When Kelly asked for help, she got it. She was referred to the Consumer Credit Counseling Service of San Francisco, a trustworthy organization that helped her tackle $18,000 worth of credit card debt and lower some of her interest rates (which had reached as high as 35%). Once she started debt consolidation, she had to find a way to manage a $509 monthly payment to keep on track, which she did in her next step.
Step 2: She changed the way she thought about money.
“I had to change my lifestyle,” Kelly says. Her family avoids eating out often, but does enjoy the food Kelly’s boyfriend brings home from his restaurant job. Nowadays, Kelly skips the happy hours she would have previously enjoyed—and probably charged on her credit card. After watching her own debt increase from year-to-year, she’s committed to the discipline it takes to watch her expenses. “It’s not a dead-end situation,” Kelly says, “but it is a commitment.”
Step 3: She found a system that works for her.
Some people use online tools like Bundle and Mint for money management. For others, it’s Excel spreadsheets. For Kelly, it’s Post-it notes. She uses them to keep track of which bills have been paid and when, and it works. She’s the first to admit that she’s “become a bit of a control freak” about money. First thing in the morning, Kelly checks her bank account. She likes to see the figures and know exactly what she’s being charged on any given transaction. By gaining control of her finances, she’s getting closer to financial freedom.

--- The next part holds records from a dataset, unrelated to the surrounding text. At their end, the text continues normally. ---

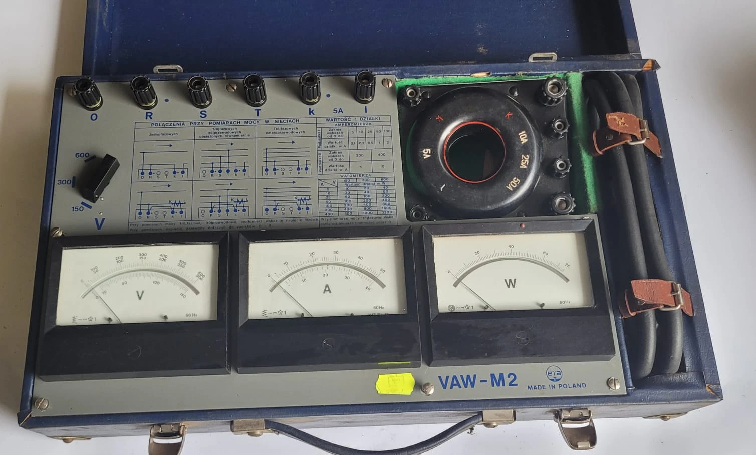 Oryginalna walizka pomiarowa VAW-M2 polskiej produkcji, używana przez monterów i elektryków do wykonywania podstawowych pomiarów w instalacjach elektrycznych. Solidny, praktyczny zestaw w formie przenośnej walizki, przeznaczony do pracy w terenie i warsztacie.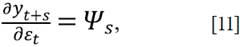 donde Ψs es una matriz nxn, siempre que el VAR sea estacionario y pueda expresarse como un proceso vectorial de media móvil, y la interpretación derivada de la ecuación (11) es que el elemento i, j de la matriz Ψs identifica las consecuencias de una variación en el momento t de la variable yi para los valores de la variable yi en t+s, esto es, para yj,t+s . Así, estas funciones representan el impacto de las variables (retardos propios y retardos de las demás variables) sobre las variables independientes.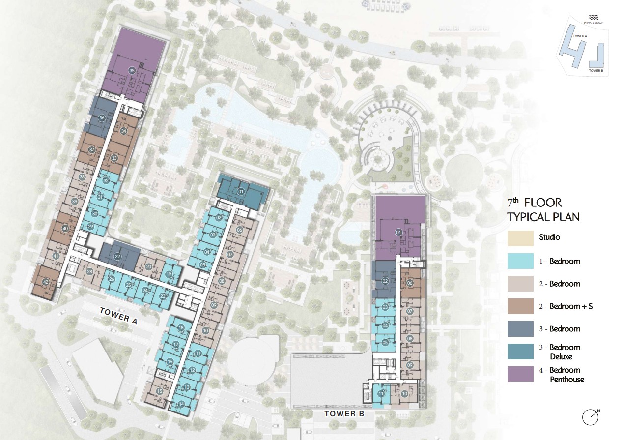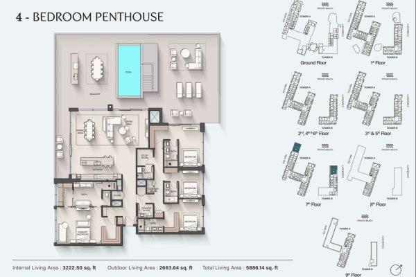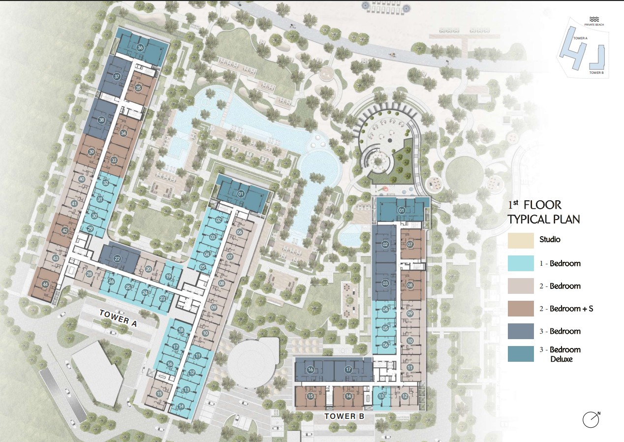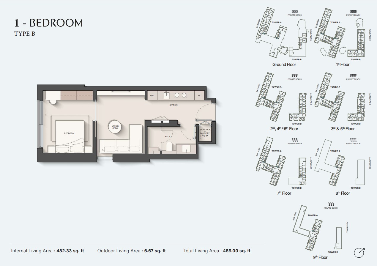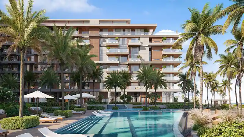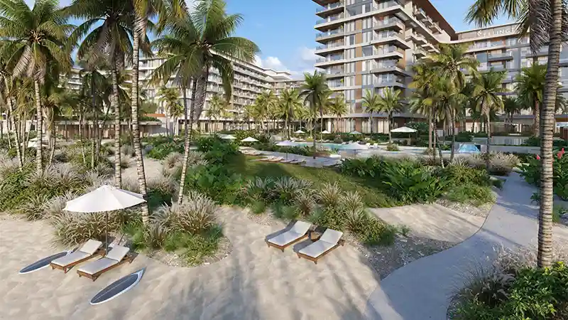 Designed with the signature contemporary approach of Ellington Properties, this inaugural release introduces the first residential tower. Framed by lush palm trees and verdant landscapes, the development stretches gracefully toward soft beige sands along the coastline. The architecture reflects understated sophistication, featuring a minimalist and fluid design language. Clean lines, refined surfaces, expansive balconies, floor-to-ceiling windows, and sleek glass façades define the structure, ensuring a seamless visual connection between the interiors and panoramic views of the beach, sparkling sea, and vibrant island environment.

Step 4: She’s passing on the good habits to her son.
Kelly didn’t have good money management examples growing up, so she hopes to raise her son differently. He’s only 11, and he already has a good understanding of the value of money. He collects recycling (such as cans and bottles) and sells them, and he empties the neighbors’ trash on Sundays to earn a little cash. He has seen his family struggle first-hand, so “he knows what it’s like,” Kelly says.
The Final Word
One day, Kelly will be proud to be credit card debt-free. In fact, that day is quickly approaching. “My total credit card debt—about $22,000 with interest—will be paid in full by November of this year.” Kelly says. “Now that is exciting!”
So what will she do with the $509 per month that was going toward that hefty debt? Instead of adding it to her expendable monthly income, she’ll be splitting it between savings, her 401(k) and a college fund for her son. “Sounds like a bright future for my family!”
*Name has been changed at source’s request.